Is your server running well? How is it performing compared to yesterday or last week? Overall it might seem to be all OK, with CPUs sitting comfortably at 20% and the disks whirring softly in their rack...Yet someone’s not happy! Would you know who? What’s different about today?
How's that database server going?
At the most fundamental level - “How’s it going?” can be answered with a simple “Yes - it’s going” or “No - it’s not”.
Over time, aggregating these answers gives us the often cited statistic: Server Uptime. A server being “up 99.99% of the time” is of course only part of a more complex picture. A server being performant and responsive to a workload serving hundreds of users and thousands of tasks is harder to measure, and certainly harder to summarise into a single statistic. Let’s consider then not just “is the server going”, but “is it performing all tasks well - right now”.
Database monitoring and profiling
Conventional wisdom states that if there’s a problem affecting performance, it’s likely to be caused by a large or complex procedure. Monitoring solutions therefore focus only on procedures taking a long time to run. Procedures that are quick aren’t tracked at all, even if they’re run thousands of times by hundreds of people.
Another frequent reason for tracking only long-running transactions is the impracticality of logging everything in detail. Logging thousands of short transactions would generate so much data that the logging itself would only add to performance issues.
The result of this conventional wisdom and pragmatism is that for all logged SQL taking more than a few seconds to run - there are another 10,000 small blocks ignored.
Death by “A Thousand Cuts”
Small doesn’t necessarily mean unimportant. Let’s consider there’s a small procedure, which is currently taking 0.3 seconds to run. That might seem fast, until we find it’s ran 1,000 times! Suddenly, 0.3 seconds becomes five minutes, and that’s far longer than most people would want to sit around waiting!
If we knew that it should normally take 0.003 seconds, then by comparison 0.3 seconds suddenly looks very slow indeed! However as noted above, many monitoring and profiling solutions will not record any of this as each discrete run is still considered trivial.
Running counters of execution statistics
Microsoft SQL Server does however record running totals of CPU use, execution time and also disk I/O statistics. These are maintained in an internal system dynamic management view: “Execution Query Statistics”.

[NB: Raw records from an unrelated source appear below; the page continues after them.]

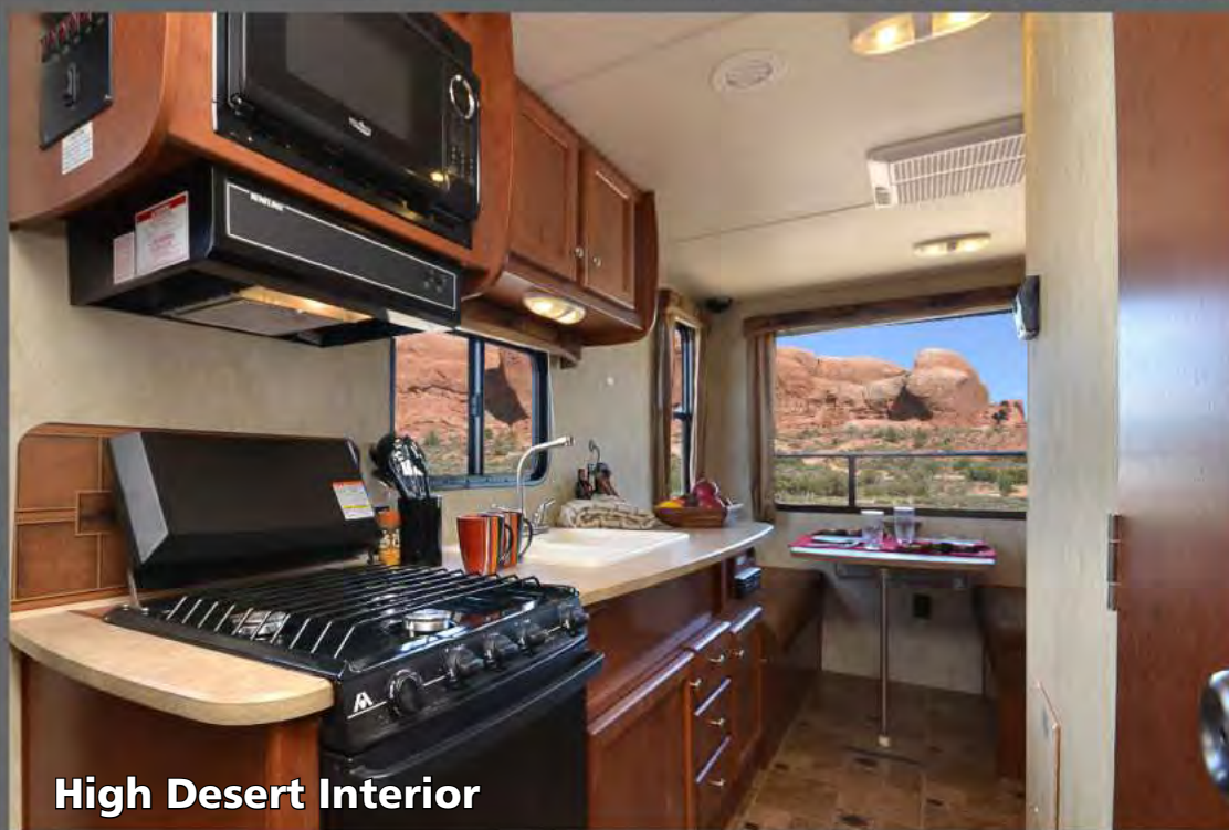
High Desert Interior
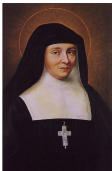
St. Jane de Chantal, 1572-1641 Founder
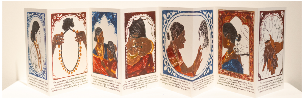
Fig. 12 Accordion Zine with the monoprints narrating the tradtion.
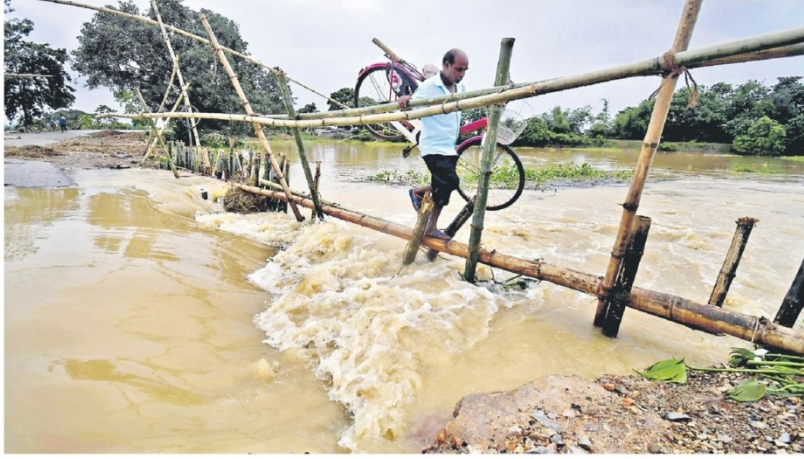
A man crossing a washed away road using a temporary bamboo bridge in Nagaon district of Assam.

Besides, two are missing in two districts, it said. The total number of people losing lives in this year's flood and landslides in the state has now gone up to 126. The bulletin said over 22,21,500 people were hit due to
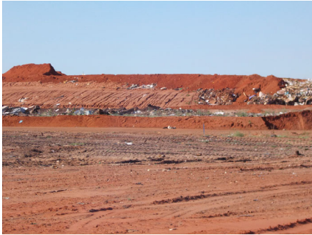
Rill erosion on exposed batter
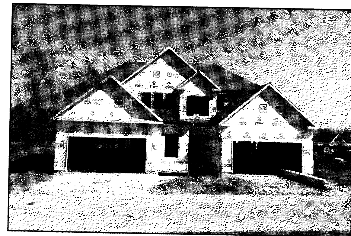
UNIT C-1 & C-2 FRONT

N BASED ON LEAR ROAD BEARING N00°01'30"E
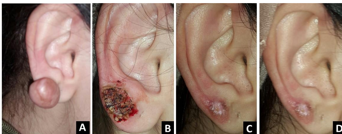
Figure 2: A 27-year-old woman with auricular keloid at first visit (A), during the time of debulking and the intralesional injection of steroid and methotrexate (B), after one month follow-up and repeating injection (C), the same patient after six months of follow-up (D).

Keloid scars are benign, but physically and cosmetically disturbing for patients, and challenging for doctors to treat. Moreover, they can impact patients' quality of life. There are numerous methods of treatment, ranging from non-surgical to surgical strategies, with different levels of response and recurrence rates. 15 Especially, in sessile-type keloids, highlights the need for modified therapy plans and
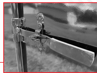
Lockable Security Style Doors
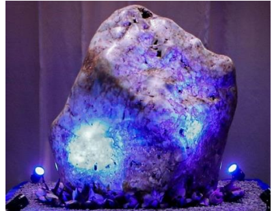
A 683 pounds heavy natural corundum blue sapphire is on display at a residence in Horana, about 25 miles south of Colombo, Sri Lanka, Sunday, Dec. 12, 2021.

by Associated Press Monday, December 13th, 2021
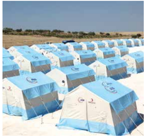
14 m 2 - 16 m 2 - 28 m 2
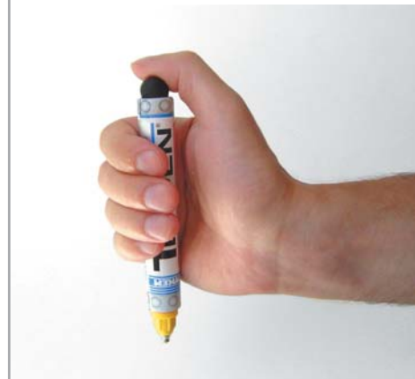
Application: Colour is pressurized
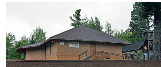
Sts. Mary and Joseph's Sawyer, Minnesota
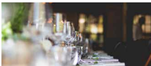
Dinner: 07:30PM – 09:00PM
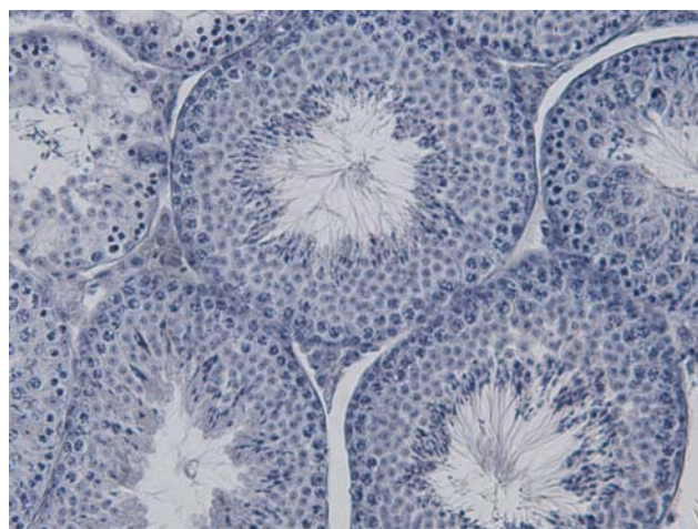
Figure 3. Restoration of normal morphology of the testis to a great extent after chelating therapy with monensin ( 18 \text{ mg kg}^{-1} \text{ b.w.} ) of Cd intoxicated mice ( 20 \text{ mg kg}^{-1} \text{ b.w.} ). HE, x 400.
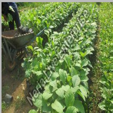
Tissue Culture Teak Plants
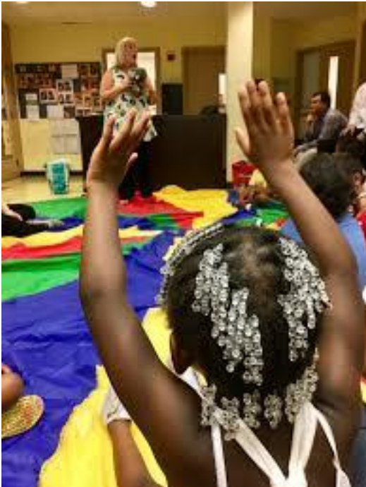
Horizons for Homeless Children

Even during COVID-19? Especially during COVID-19
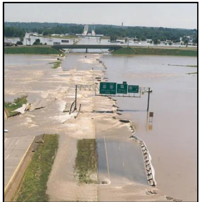
Photo: Missouri River flood waters swamping U.S Highway 54 July, 1993 (Missouri Department of Transportation).
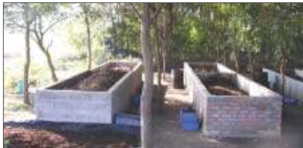
Figure 2. Commercial model for vermicomposting at ICRISAT.

Each individual part of every procedure across all databases has its own running total. Over time, run-counts, CPU use and total execution times are incremented each time a procedure is run, similar to the odometer of a car.
When looking at these totals, it’s often the case that the biggest consumers of CPU aren’t the long-running processes you might expect (like month-end KPI reports). Instead they’re often innocuous things - though run very frequently.
The limitation of the running-totals stored in “Execution Query Statistics” is that the statistics are aggregated from the point in time the server first starts-up. On a server with 99.99% uptime we can expect that generally we’ll be looking at running sums that have had plenty of time to become very large numbers. Considering the example above of a change in execution times from 0.003 seconds to 0.3 seconds; this will not have a detectable impact on a very large running sum for quite a while!
But what is happening right now?
While the totals for CPU and execution duration can’t show us procedures that are only recently performing poorly - we can work out what’s going on if we take a few snapshots over time.
By recording a snapshot of execution counters periodically, the subtracted difference from one snapshot to the next will show the actual CPU used for the intervening period.
In practice, taking snapshots is easy, and also quick thanks to the handy inclusion by Microsoft of a timestamp showing the last run-time for each query. It’s easy therefore to snapshot new totals for just queries run since the previous snapshot.
Once a baseline is established, or by comparing to the previous days’ averages, queries using more CPU or time to complete can be easily spotted.
What we’ve found
Over time, execution times for procedures can change. Changes might occur because the volume of data increases over time causing SQL to behave differently. For example; an index-lookup for rows might become a table-scan once the rowcount crosses a certain threshold.
Detecting these kinds of changes quickly can mean problems are resolved even before the phone starts to ring.
Although detailed logging of long-running procedures is useful, we’ve found that keeping tabs on the Execution Statistics’ running totals has allowed us to not just say “Yes - the servers’ are up” but also “Yes - all the systems’ are running well, as they have been all week!”